## Task item:
Among the entries below, only the lines from the one with "strikceintuur 3/4 mouw" through the one with "The only difference" are wanted, reproduced exactly. Pictures are not wanted.

## Task input:
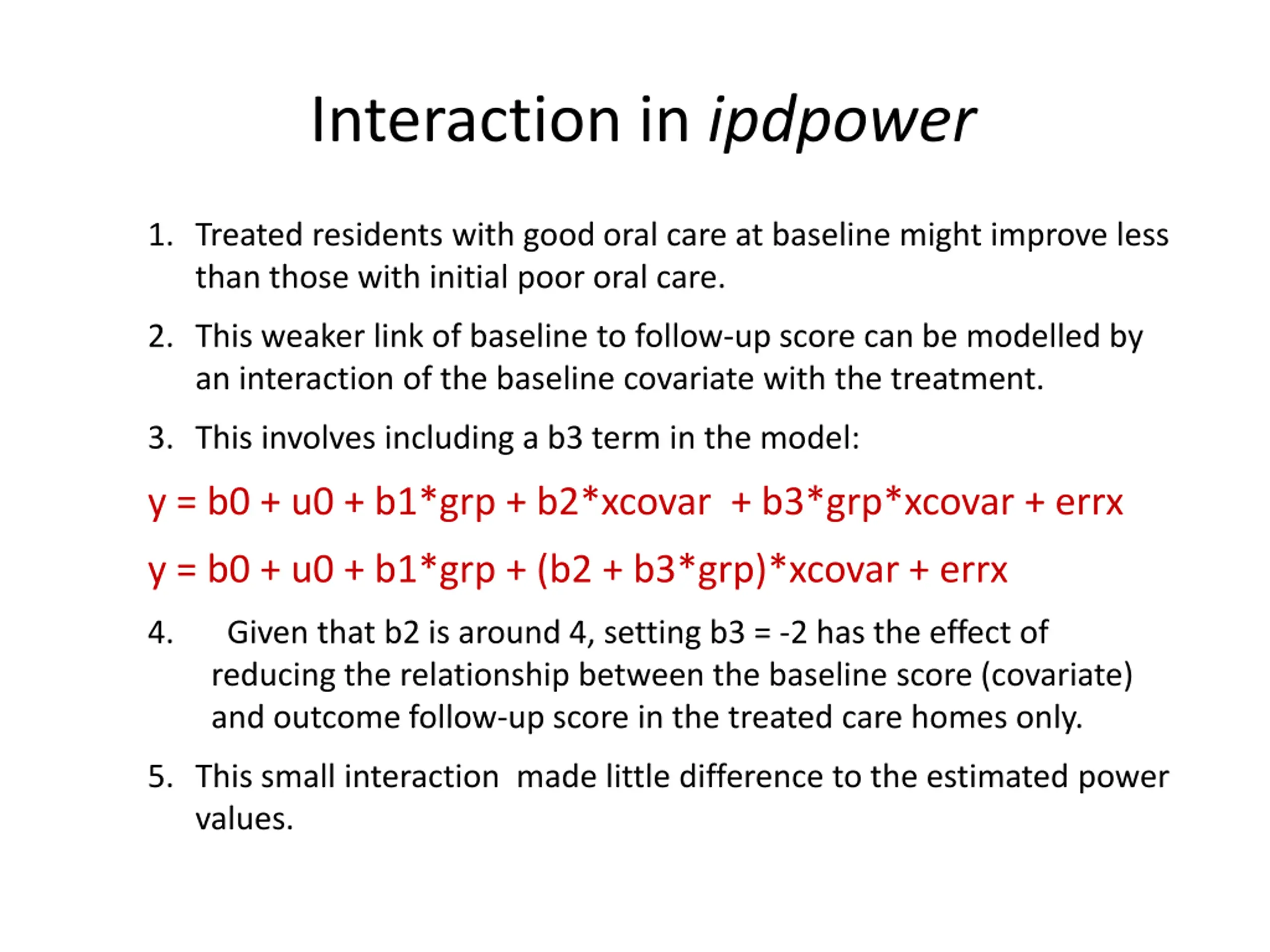 Interaction in ipdpower 1. Treated residents with good oral care at baseline might improve less than those with initial poor oral care. 2. This weaker link of baseline to follow-up score can be modelled by an interaction of the baseline covariate with the treatment. 3. This involves including a b3 term in the model: y = b0 + u0 + b1*grp + b2*xcovar + b3*grp*xcovar + errx y = b0 + u0 + b1*grp + (b2 + b3*grp)*xcovar + errx 4. Given that b2 is around 4, setting b3 = -2 has the effect of reducing the relationship between the baseline score (covariate) and outcome follow-up score in the treated care homes only. 5. This small interaction made little difference to the estimated power values.
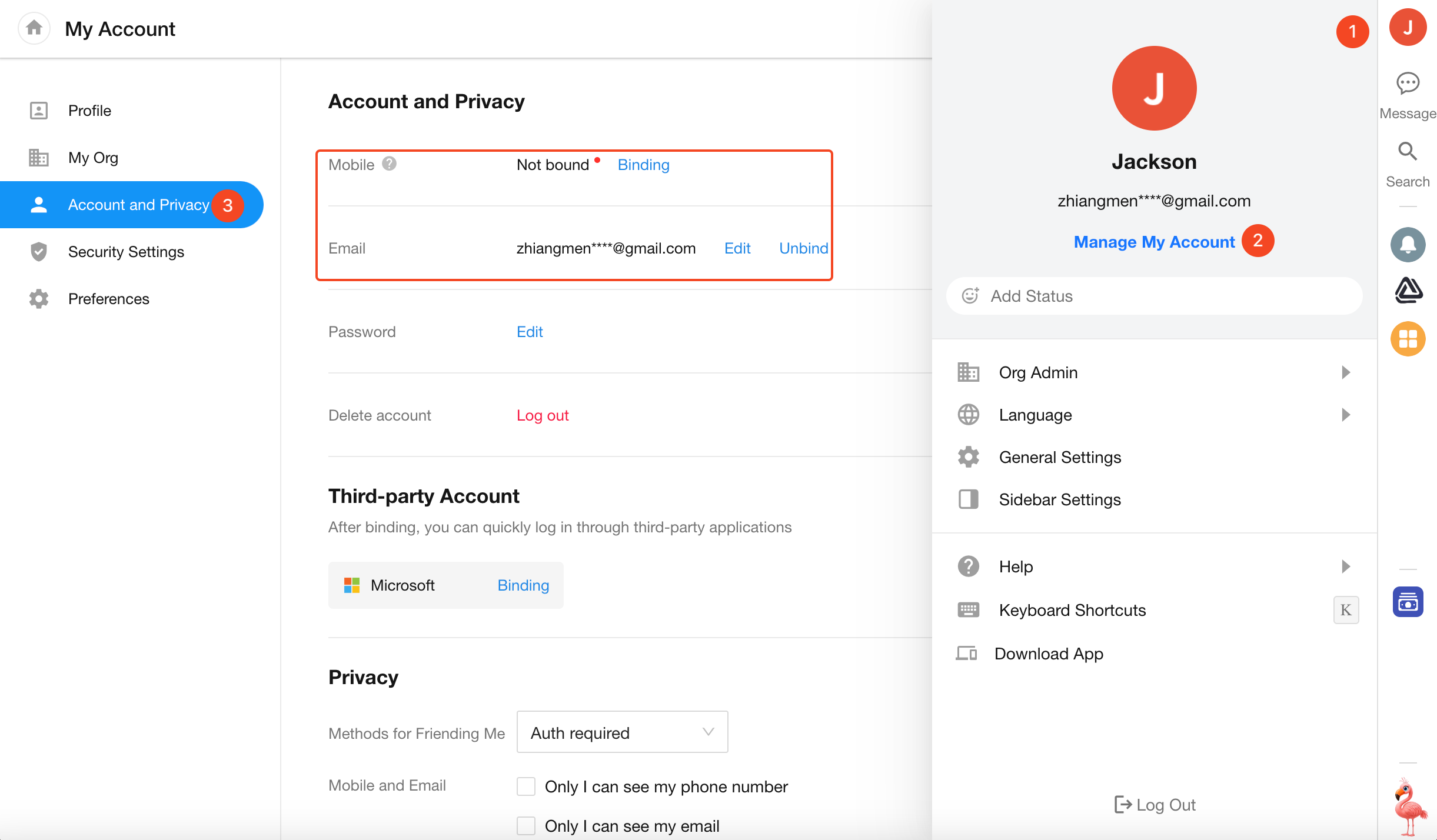 2. Bind or Unbind Mobile Number / Email
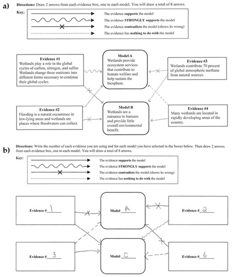 This present study examined and compared how plausibility judgements and knowledge construction shifted based on the two different types of MEL diagrams: pre-constructed model–evidence link diagrams (pcMEL), and a build-a-MEL (baMEL) diagram. (Figure 1) The pcMEL diagrams present four lines of scientific evidence and two models (scientific alternative and other alternative), as in previous studies [11,25]. In the baMEL, students constructed their own diagram to extend the topic and selected four new evidence lines from eight choices and two new alternative explanatory models from three choices (scientific, engineering, and non-scientific alternatives). With the completion of the MEL diagrams, students will then select and further analyze model–evidence relationships and evaluate the relationship between the two. By building and evaluating their own MEL diagrams, we hypothesized that students would activate greater levels of conceptual agency (i.e., as authors of their knowledge contributions, students would have increased accountability to the classroom community and explicit authority to reason) [27]. If so, then a theoretical and practical contribution of the present study could suggest that deeper conceptual agency activated by the baMEL instructional scaffold has the potential for: (a) strengthening students’ evaluations about the connections between lines of scientific evidence and alternative explanatory models; (b) promoting greater shifts in plausibility toward the scientific alternative; and (c) increasing science learning about water resources. This is in line with a theoretical account of increased transfer effects associated with conceptual agency [27]. In the present study, the MEL diagrams focused on two topics concerning water resources, specifically wetlands’ role in ecosystems (the pcMEL; Figure 1a) and future freshwater availability (the baMEL; Figure 1b).
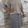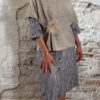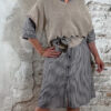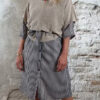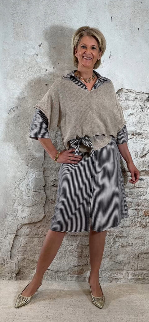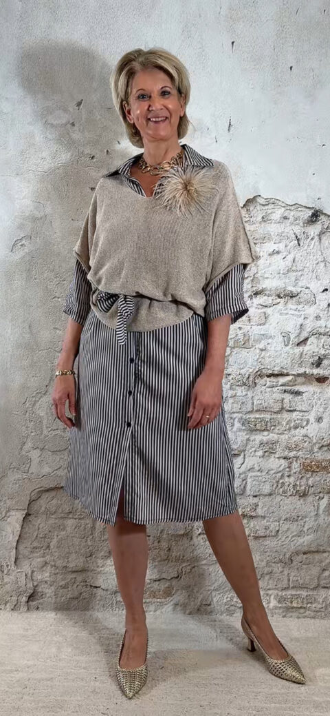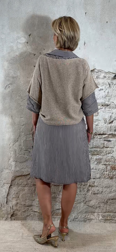 • blouse jurk dames gestreept donkerblauw beige doorknoop strikceintuur 3/4 mouw
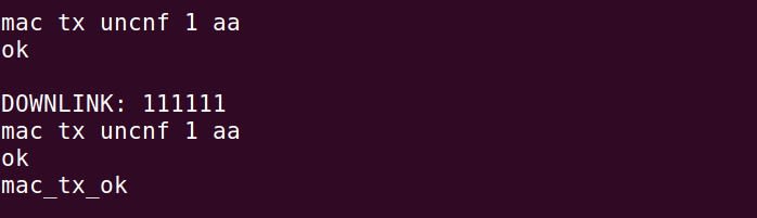 The only difference between this and the uplink-only test is that we now look for the RN2483 returning the string “mac_rx” and upon finding this, extract and print the downlink message.
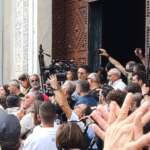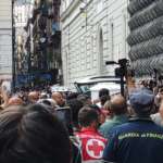 “Giustizia, giustizia!“, “Giovanbattista…VIVE, Giovanbattista…VIVE!“, e poi striscioni, magliette, palloncini bianchi e tanti applausi. In migliaia sono accorsi in piazza del Gesù a Napoli per stringersi intorno alla famiglia di Giovanbattista Cutolo, il giovane ucciso da un 17enne a colpi d’arma da fuoco in piazza Municipio. Oggi si sono svolti i funerali, celebrati dal Vescovo Mimmo Battaglia. Molto toccante la sua omelia, forti le parole di Ludovica, sorella del giovane musicista: “Napoli sei tu e non Gomorra, non è Mare fuori o il Boss delle cerimonie“. Ragazzi, famiglie, bambini, anziani. I cittadini di qualsiasi età ed estrazione sociale hanno partecipato all’evento. Presenti anche le principali istituzioni locali e due ministri, Matteo Piantedosi e Gennaro Sangiuliano.
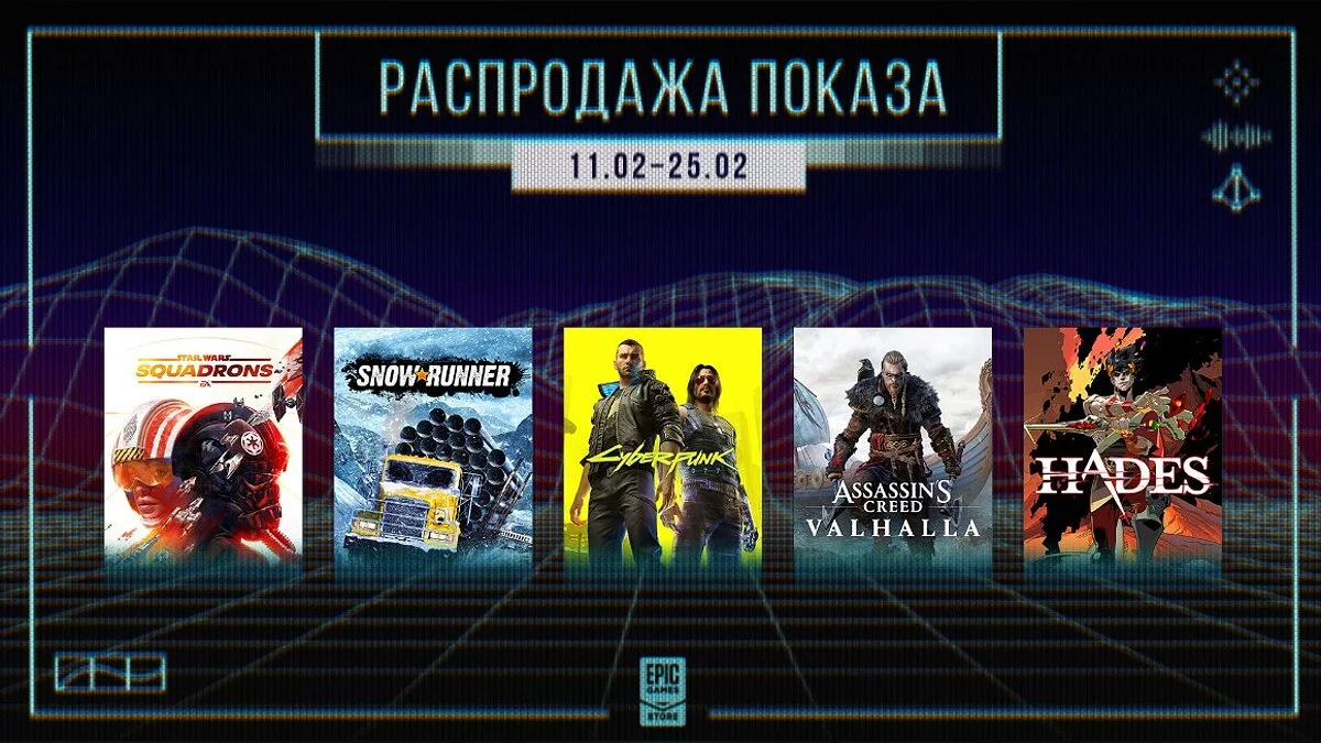 За три часа до начала шоу, 11 февраля 19:00 МСК, в Epic Games Store запустят специальную показ-распродажу, которая продлится до 25 февраля. На ней можно будет выгодно приобрести Cyberpunk 2077, Star Wars: Squadrons, Assassin's Creed Valhalla, Hades и другие игры.
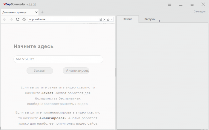 VCap Downloader — универсальное программное обеспечение, позволяющее захватывать видео и аудио с интернет-сайтов. Интерфейс программы напоминает интерфейс обычного браузера, что облегчает пользователю знакомство и работу с данным программным обеспечением. Пользователю просто нужно скопировать URL-адрес видео из любимого браузера и перенести его в VCap Downloader. VCap Downloader захватит видео и предложит доступное качество для загрузки. Вы также можете извлечь звуковую дорожку из любого видео и преобразовать ее в формат MP3.
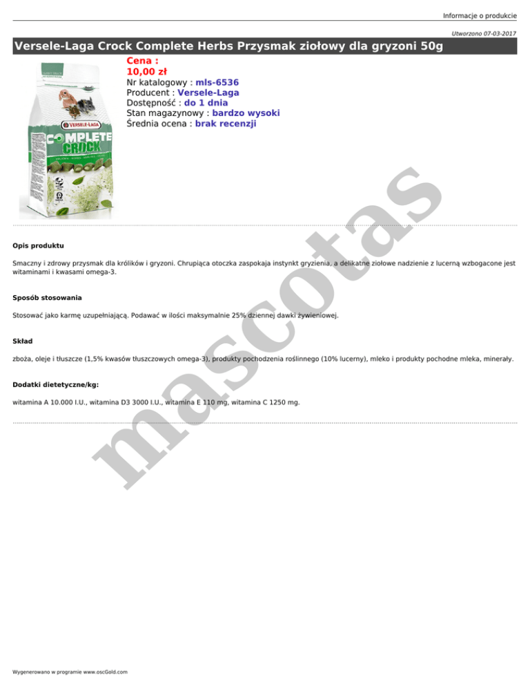Informacje o produkcie Utworzono 07-03-2017 Versele-Laga Crock Complete Herbs Przysmak ziołowy dla gryzoni 50g Cena : 10,00 zł Opis produktu co ta s Nr katalogowy : mls-6536 Producent : Versele-Laga Dostępność : do 1 dnia Stan magazynowy : bardzo wysoki Średnia ocena : brak recenzji Smaczny i zdrowy przysmak dla królików i gryzoni. Chrupiąca otoczka zaspokaja instynkt gryzienia, a delikatne ziołowe nadzienie z lucerną wzbogacone jest witaminami i kwasami omega-3. Sposób stosowania Stosować jako karmę uzupełniającą. Podawać w ilości maksymalnie 25% dziennej dawki żywieniowej. Skład m as zboża, oleje i tłuszcze (1,5% kwasów tłuszczowych omega-3), produkty pochodzenia roślinnego (10% lucerny), mleko i produkty pochodne mleka, minerały. Dodatki dietetyczne/kg: witamina A 10.000 I.U., witamina D3 3000 I.U., witamina E 110 mg, witamina C 1250 mg. Wygenerowano w programie www.oscGold.com

## Exercise result:
 • blouse jurk dames gestreept donkerblauw beige doorknoop strikceintuur 3/4 mouw
 The only difference between this and the uplink-only test is that we now look for the RN2483 returning the string “mac_rx” and upon finding this, extract and print the downlink message.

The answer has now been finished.